Addressing the Surrey Care Association’s autumn conference in Dorking, Mrs Bruce said new relationships and “new thinking” would enable the council and providers, along with their NHS partners, to move “together ahead”. 

Forging a closer relationship would enable the partners to better shape services around the needs of residents and communities and enhance the choice of care and support options available.

Earlier this year, Mrs Bruce became Joint Executive Director of Adult Social Care and Integrated Commissioning working across Surrey County Council and Surrey Heartlands integrated care system.

She told the conference: “We need each other more now than ever. We’re stronger together and we’ve got more in common together – we mustn’t let people divide us. We’re far more powerful and influential to central government if we’re saying the same things.

“How we work together going forward is all based on relationships. We need to innovate together and to do that we’ve got to have a good relationship and have dialogue. None of us can do what we’re trying to do on our own so we need to come together and work in partnership. I’m optimistic we can do that.”

Areas where there are opportunities to work together include on shared issues such as workforce and training. A key focus for adult social care is supporting providers and residents with better information, advice and guidance to help the make informed life choices, especially when considering or requiring care.
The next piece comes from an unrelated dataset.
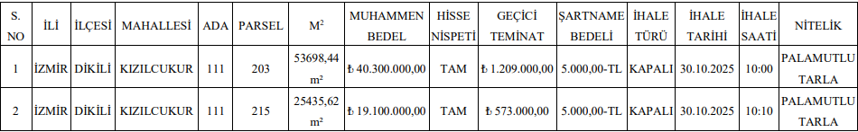 Palamutlu tarla niteliğinde olan iki adet taşınmazın toplam değeri 59.400.000 TL. Kızılcukur Mahallesi’nde bulunan taşınmazların toplam büyüklüğü ise 79.134,06 metrekare. 30 Ekim’de kapalı ihale usulü satılacak olan tarlaların belediye kasasına bütçe oluşturması bekleniyor.

The county council’s commissioning strategy for older people, covering the period until 2030 and drawing on input from providers and the NHS as well as residents and staff, aims to champion greater choice, quality and control for residents.

As well as supporting people to lead independent and active lives in their own homes and communities for as long as possible, the blueprint spells out how the council and partners will work together on ensuring intensive and personalised care options for people with more complex needs, in line with the council’s ambition to tackle inequalities in health so that no one in Surrey is left behind.

Mrs Bruce took up her new role in Surrey in May from the London boroughs of Richmond and Wandsworth where she was Director of Adult Social Care and Public Health. She has previously held senior positions at London’s tri-borough partnership – Westminster, Hammersmith and Fulham and Kensington and Chelsea – and at Manchester City Council and Warwickshire County Council.